Zwei weitere Hebel mit starker Wirkung:

Lassen Sie den Assistenten Abwägungen moderieren. Wenn das System eine Änderung vorschlägt, soll es erklären, was man gewinnt und was man verliert. „Wir können die Stellfläche beibehalten, aber die Lieferzeit erhöht sich von 2 auf 5 Wochen.“ So reden Menschen. So werden Entscheidungen wirklich getroffen.

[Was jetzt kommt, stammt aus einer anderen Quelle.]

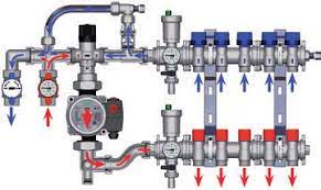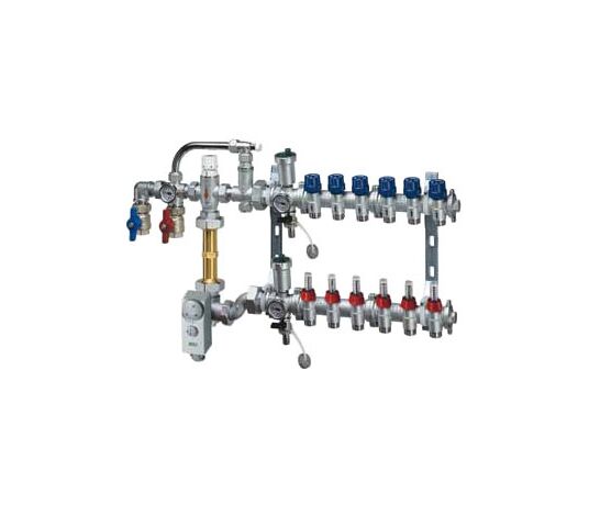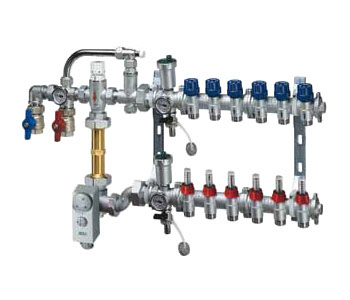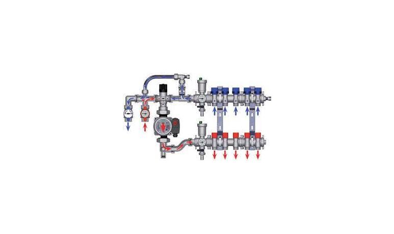 FAR-FK358413402 Коллектор для теплого пола с насосной группой – это готовый комплект, позволяющий регулировать температуру теплоносителя для систем отопления полов. В системах отопления с использованием высокотемпературного котла или при комбинации радиаторного отопления и теплого пола необходимо снизить температуру теплоносителя, поступающую во вторичный контур теплого пола. Коллекторная группа ФАР укомплектована термостатическим смесительным клапаном, позволяющим снизить температуру до требуемого значения.
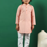 Boys Straight Style Cotton Fabric Peach Color Chikankari Kurta And Pyjama
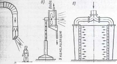 Вытяжные зонты (рис. 4б) предназначены для улавливания потоков вредных вы-делений, направленных вверх. Ими оборудуют кузнечные горны, рабочие места раз-борки и промывки карбюраторов, приготовления резинового клея, ремонта и задел-ки поврежденных шин или камер, плавки свинца, приготовления и слива электроли-та, станки для сборки и разборки аккумуляторных батарей, ванны для окисление се-параторов, стол маляра и, стол для приготовления красок и ряд других мест.
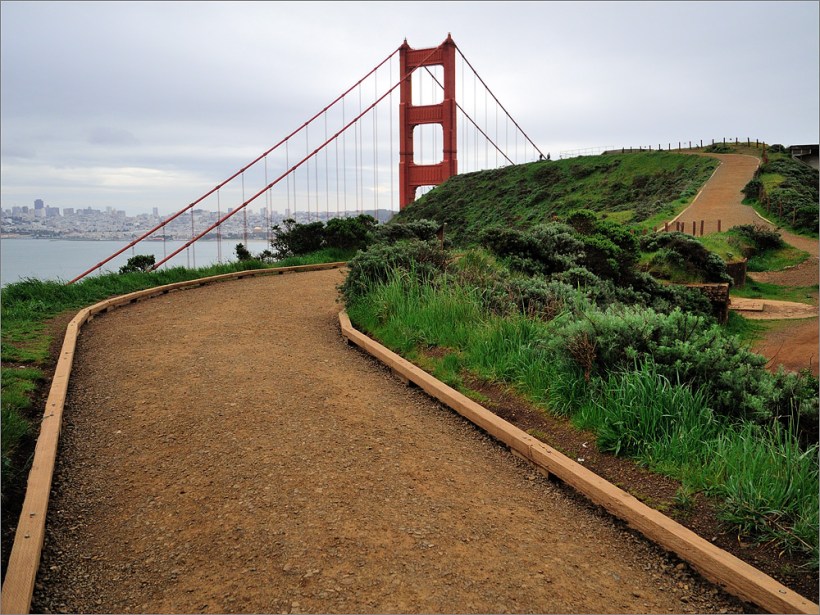 Wir starten in Richtung Mariposa. Es geht zuerst über die Golden Gate Bride. Diesmal der Sonne entgegen, das kostet heute 6$. Warum es gestern kostenlos war verstehe ich nicht, ist schon seltsam. Auf der anderen Seite verliert sich die Straße dann in der Innenstadt von San Francisco. Ich versuche mit wiederholten Blicken zum „Navifon“ möglichst nah am Ufer zu bleiben. So haben wir immer wieder schöne Blicke auf die Bucht. Einen kleinen Fotostopp gibt es dann auch noch. Der Blick rüber nach Alcatraz ist herrlich.
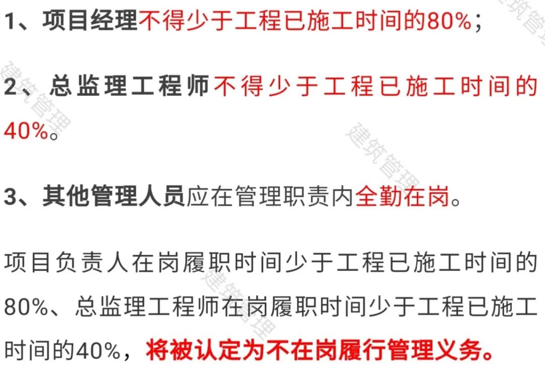 项目经理考勤率低于40%的,对施工企业立案查处!擅自更换人员的,按骗取中标处理!

Trennen Sie Produktlogik und Dialogstil. Der Solver erzwingt Kompatibilität und Pricing. Der Assistent stellt das Verständnis sicher. Halten Sie diese Ebenen getrennt. So können Sie die Tonalität verbessern, ohne die Korrektheit der Konfiguration zu gefährden. In der Praxis bedeutet dies, eine schlanke Übersetzungsschicht zwischen Dialog und Konfigurator einzuziehen. Wenn Sie die Kommunikationsprinzipien ändern, bricht keine Produktregel. Wenn Sie die Regeln ändern, weiß der Assistent immer noch, wie er sie erklären muss.

Käufer beurteilen Ihr System nicht danach, ob es jede technische Einschränkung kennt. Sie beurteilen es danach, ob es ihnen hilft, eine sichere Entscheidung zu treffen, ohne die Technik anrufen zu müssen. Die Verfassung sorgt dafür, dass sich dieses hilfreiche Verhalten in allen Situationen wiederholt.

Adoption wird eher durch den richtigen Tonfall als durch zusätzliche Features gewonnen.

Akzeptanz wird eher durch den Tonfall als durch Features gewonnen.

Ein wichtiger Hinweis: Persönlichkeit ist nicht Improvisation. Ihr Assistent darf keine Spezifikationen erfinden oder Regeln dehnen, nur um „hilfsbereit“ zu wirken. Der Kern von CPQ bleibt, nur das zu verkaufen, was Sie auch zuverlässig bauen, kalkulieren und liefern können. Eine durchdachte Persönlichkeit hilft, schneller dorthin zu gelangen – mit weniger Eskalationen und weniger Excel-Listen.

Der erste stille Erfolg: weniger „Kann ich Sie kurz anrufen?“-Momente von Kunden im Self-Service. Der zweite: weniger interne Rückfragen an die Technik für Routine-Abwägungen. Und der eigentliche Gewinn: Wenn Sie einen Vertriebsmitarbeiter fragen, warum er das System genutzt hat, sagt er: „Es hat mir geholfen, die Dinge zu durchdenken.“ Dann wissen Sie, dass Ihr Assistent eine Seele hat.

Der einfachste Test ist der beste: Wenn ein Kunde sagen kann „Da bin ich noch nicht sicher“ und Ihr Assistent ihn souverän zum nächsten Schritt führt, sind Sie auf dem richtigen Weg.

Ein CPQ-Assistent mit Charakter trifft keine Entscheidungen für den Nutzer. Er macht ihm die Entscheidungen leichter.